For his part, Jordan French (who was at the center of the Jumpolin mess) was touted as the keynote speaker during last month's PR Summit Austin event titled "PR Growth-Hacking—Becoming A Success Story Even Before You're A Success" at the Omni Austin Hotel downtown. Billing himself as founder and president of Notability Partners, he was joined by other keynote speakers that included Todd Defren, founder of Shift Communications, and Louis Gray of Alphabet Inc.’s Google.

"In his keynote address, French will bring to bear lessons learned from his years of experience on the front lines of the ever-evolving frontier of digital marketing, public relations, influencer marketing and branding, providing invaluable insights into how PR entrepreneurs can fuel their growth," organizers wrote.

In the notice, Jordan French was billed as a Fast 50 and Inc. 500-ranked serial entrepreneur and journalist based in New York. He identified himself as the founding Chief Marketing Officer at BeeHex, Inc., the 3D food printing pioneer with origins from NASA. French also was described as having co-founded BNB Shield, known as the “AirBnB police” and founded O’Dwyer’s-ranked Notability Partners.

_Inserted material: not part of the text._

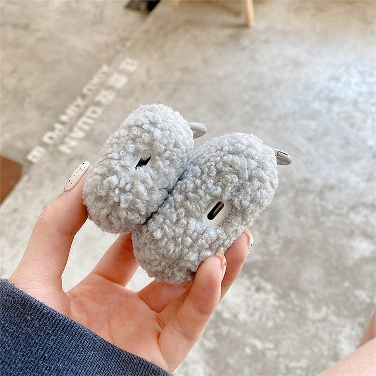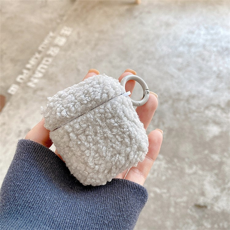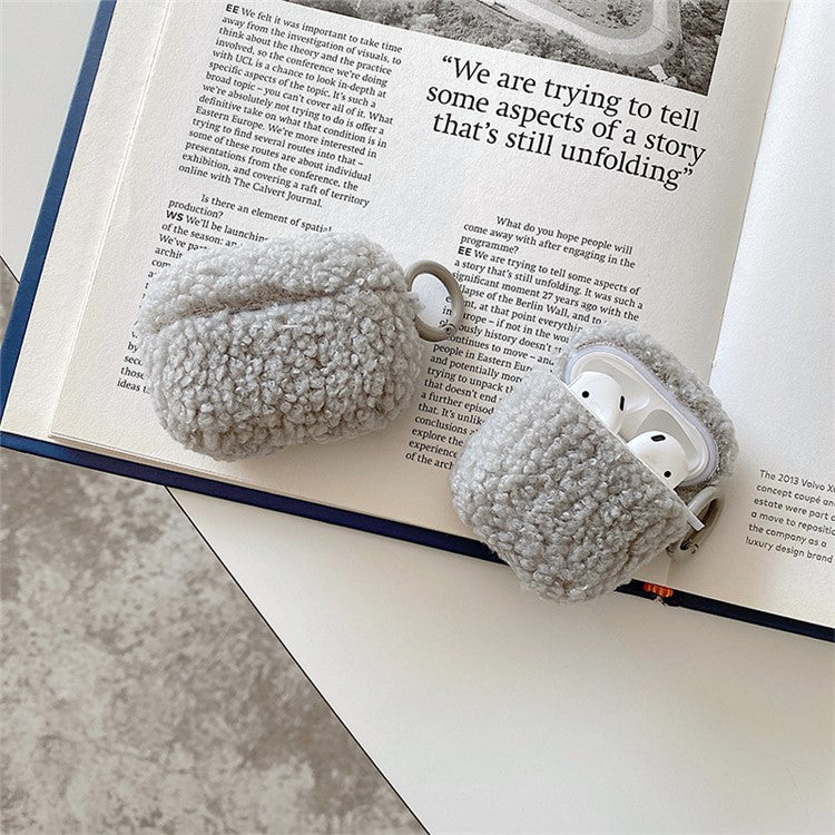 For Apple AirPods with Charging Case (2016) / (2019) / AirPods with Wireless Charging Case (2019) Shockproof Cover Bluetooth Earbuds Protector Fluff + TPU Case with Buckle - Grey

Moreover, he was billed as a director and the founding CEO/COO who built the “Olivia Pope of the Internet,” Status Labs, and is on the leadership team at FOWNDERS, the social-impact startup accelerator based in Newark, New Jersey.

"French brings a unique perspective to the conference for public relations professionals, with his work in engineering, philanthropy and law," the release stated. "In engineering, he worked as a payload engineer for NASA’s Mars Gravity Biosatellite Program with other experience ranging from micro-electro-mechanical devices, Free Electron Laser beam delivery systems and medical intake systems at Vanderbilt University Medical Center. In philanthropy, he was the founding PR director for fitRaise, the peer-to-peer fundraising platform for charities. In law, he represented the People of the United States as an attorney-adviser at the Federal Energy Regulatory Commission, Office of Enforcement in Washington, D.C., and worked at a major patent-litigation firm in Houston, Texas."

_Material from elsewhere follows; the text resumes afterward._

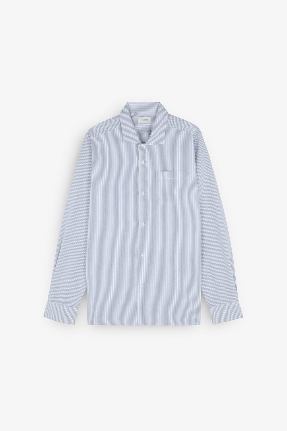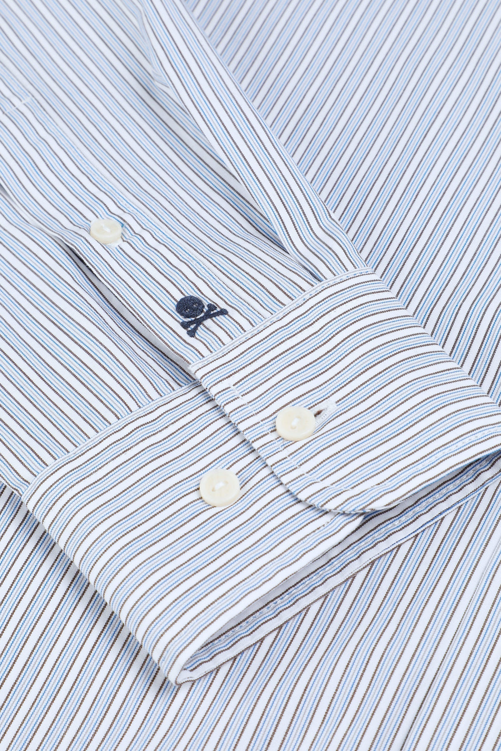 Overhemd gemaakt van 100% BCI-katoen. Lange mouw. Gestreepte print. Borstzak. Geborduurd contrasterend doodshoofd op de manchet.

As a journalist, he was identified as a frequent contributor to The Huffington Post, CIO, TechCrunch, and Tech.co, Thrive magazine, Influencive and Business.com.

In a previous interview with Patch, Jordan French related efforts to distance themselves from business partners who were at the center of the Jumpolin demolition that sparked so much attention two years ago. Jordan French told Patch that he was suing members of Status Labs (yet anther related company) after they tried removing him from its ranks, naming Darius Fisher and Jesse Boskoff in his lawsuit in seeking damages and attorneys fees.

In the wake of a PR nightmare that emerged in the wake of the Jumpolin demolition, the company announced they had asked Jordan French to resign. Jordan French claims Fisher and Boskoff have since raised their annual salaries from $170,000 to $400,000 with 15 percent bonuses without providing him his share, he told Patch in a recent interview at a coffee shop.

>>> Image via Shutterstock

Editor's note: This story was corrected to reflect that Christopher Jordan, not Jordan, graduated from the University of New Hampshire. Patch regrets the error.